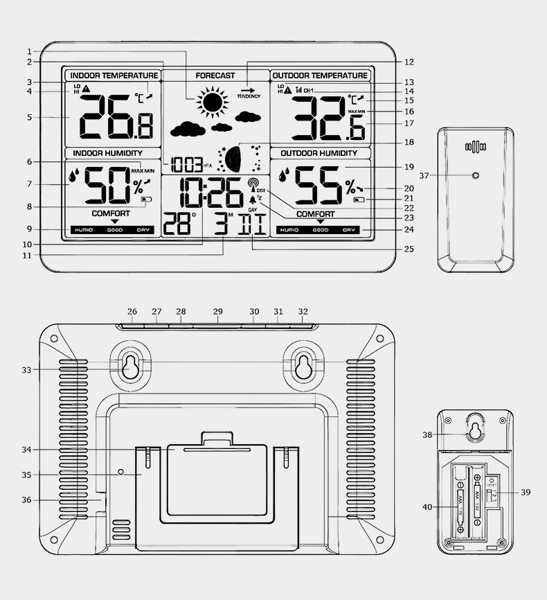 • Wireless Weather Station Indoor Outdoor Thermometer Hygrometer with Forecast Moon Phase Barometer Alarm 7 Buttons Backlight RF Sensor Large LCD Display
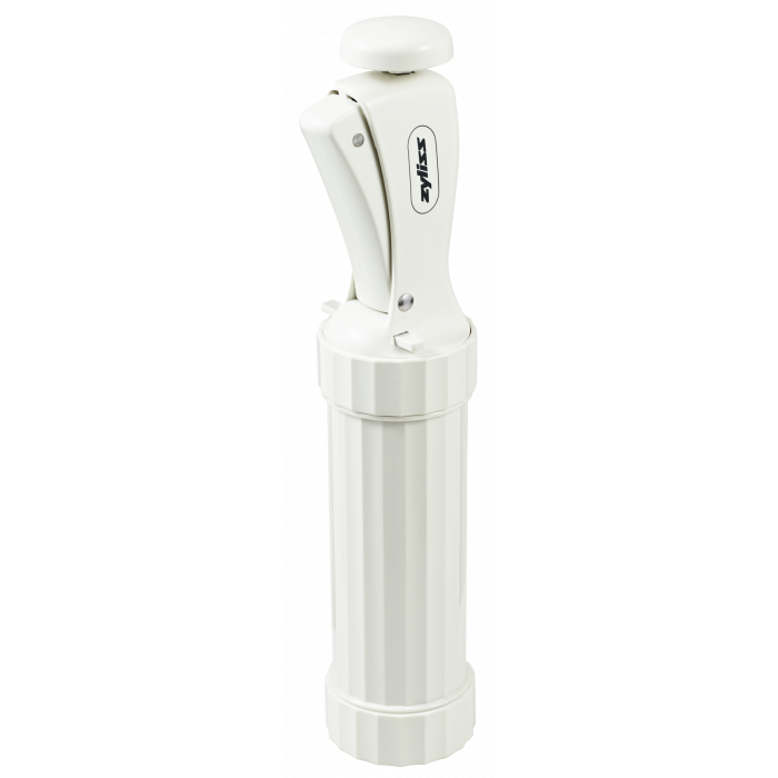 Durch wiederholtes Drücken des Griffs, wird das Vermicelle gleichmässig durch die Pressplatte gepresst.
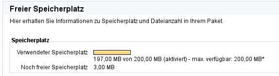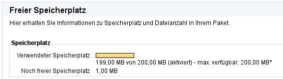 Dazu habe ich meinen freien Speicherplatz mit Daten aufgefüllt, bis nichts mehr ging: Zugänge --> Freier Speicherplatz
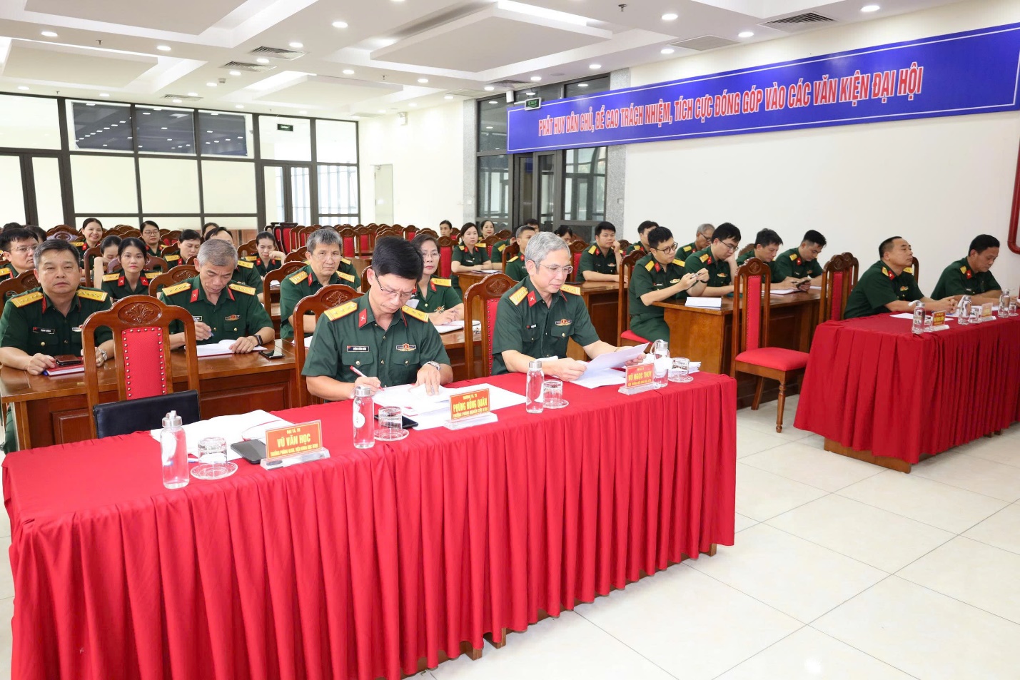 Đồng chí Đại tá, TS Vũ Ngọc Thủy, Ủy viên Đảng ủy Học viện, Phó Bí thư Đảng ủy, Viện trưởng chủ trì hội nghị thảo luận
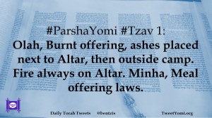 #ParshaYomi #Tzav 1: Olah, Burnt offering, ashes placed next to Altar, then outside camp. Fire always on Altar. Minha, Meal offering laws.
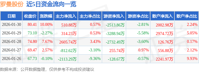 证券之星消息,罗曼股份1月30日涨停收盘,收盘价80.41元。该股于13点42分涨停,6次打开涨停,截止收盘封单资金为1682.18万元,占其流通市值0.19%。
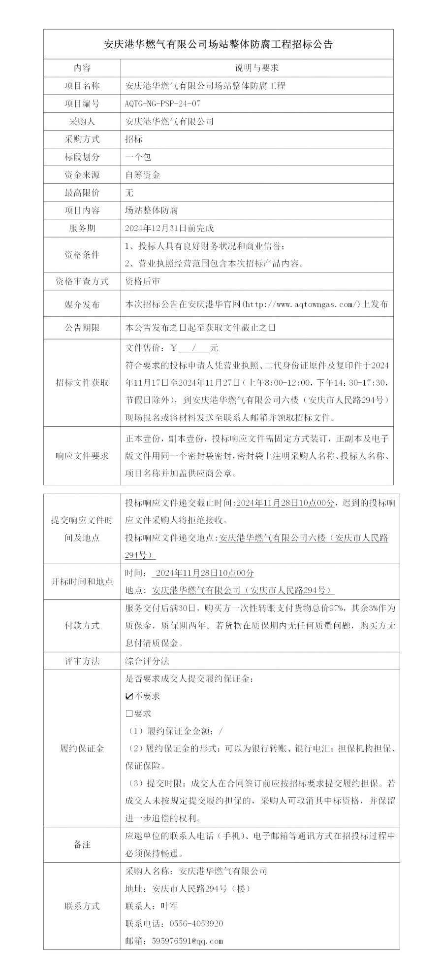 安慶港華燃?xì)庥邢薰緢?chǎng)站整體防腐工程招標(biāo)公告
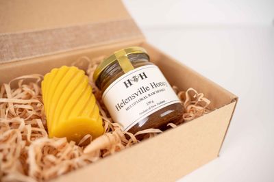 Our Small Gift Box with Hessian Ribbon comprises of a jar of our Multifloral Raw Honey (250g) in a glass jar with gold tamper. Included also is a cyclinder swirl pure beeswax candle.
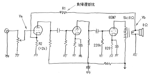 出力管が3極管のときで、球の内部抵抗が低いときなど、NFBゼロも十分あり得る。あるいは1、2dBから6dBぐらいまで控えめにかける。出力管が5極管のときは内部抵抗が高くてそのままだとDF(ダンピングファクター)が悪くなってしまうので、6dB以上ぐらいかける。20dBを超えるNFBは発振など動作不安定を引き起こすことが多く、難しい。といったところか。この辺は賛否両論が今でも続いていて、このように明文化するのは危険だが、かといって書かなければ初心者にはなんだか分からないので、あえて書いておいた。このNFBは、経験によるところも多く、音を聞きながら自分で判断するのがよいのではないだろうか。

EXERCISE AIM
With the images left out, set down each record exactly as it appears.

RESULT OF THE EXERCISE
 • Wireless Weather Station Indoor Outdoor Thermometer Hygrometer with Forecast Moon Phase Barometer Alarm 7 Buttons Backlight RF Sensor Large LCD Display
 Durch wiederholtes Drücken des Griffs, wird das Vermicelle gleichmässig durch die Pressplatte gepresst.
 Dazu habe ich meinen freien Speicherplatz mit Daten aufgefüllt, bis nichts mehr ging: Zugänge --> Freier Speicherplatz
 Đồng chí Đại tá, TS Vũ Ngọc Thủy, Ủy viên Đảng ủy Học viện, Phó Bí thư Đảng ủy, Viện trưởng chủ trì hội nghị thảo luận
 #ParshaYomi #Tzav 1: Olah, Burnt offering, ashes placed next to Altar, then outside camp. Fire always on Altar. Minha, Meal offering laws.
 证券之星消息,罗曼股份1月30日涨停收盘,收盘价80.41元。该股于13点42分涨停,6次打开涨停,截止收盘封单资金为1682.18万元,占其流通市值0.19%。
 安慶港華燃?xì)庥邢薰緢?chǎng)站整體防腐工程招標(biāo)公告
 Our Small Gift Box with Hessian Ribbon comprises of a jar of our Multifloral Raw Honey (250g) in a glass jar with gold tamper. Included also is a cyclinder swirl pure beeswax candle.
 出力管が3極管のときで、球の内部抵抗が低いときなど、NFBゼロも十分あり得る。あるいは1、2dBから6dBぐらいまで控えめにかける。出力管が5極管のときは内部抵抗が高くてそのままだとDF(ダンピングファクター)が悪くなってしまうので、6dB以上ぐらいかける。20dBを超えるNFBは発振など動作不安定を引き起こすことが多く、難しい。といったところか。この辺は賛否両論が今でも続いていて、このように明文化するのは危険だが、かといって書かなければ初心者にはなんだか分からないので、あえて書いておいた。このNFBは、経験によるところも多く、音を聞きながら自分で判断するのがよいのではないだろうか。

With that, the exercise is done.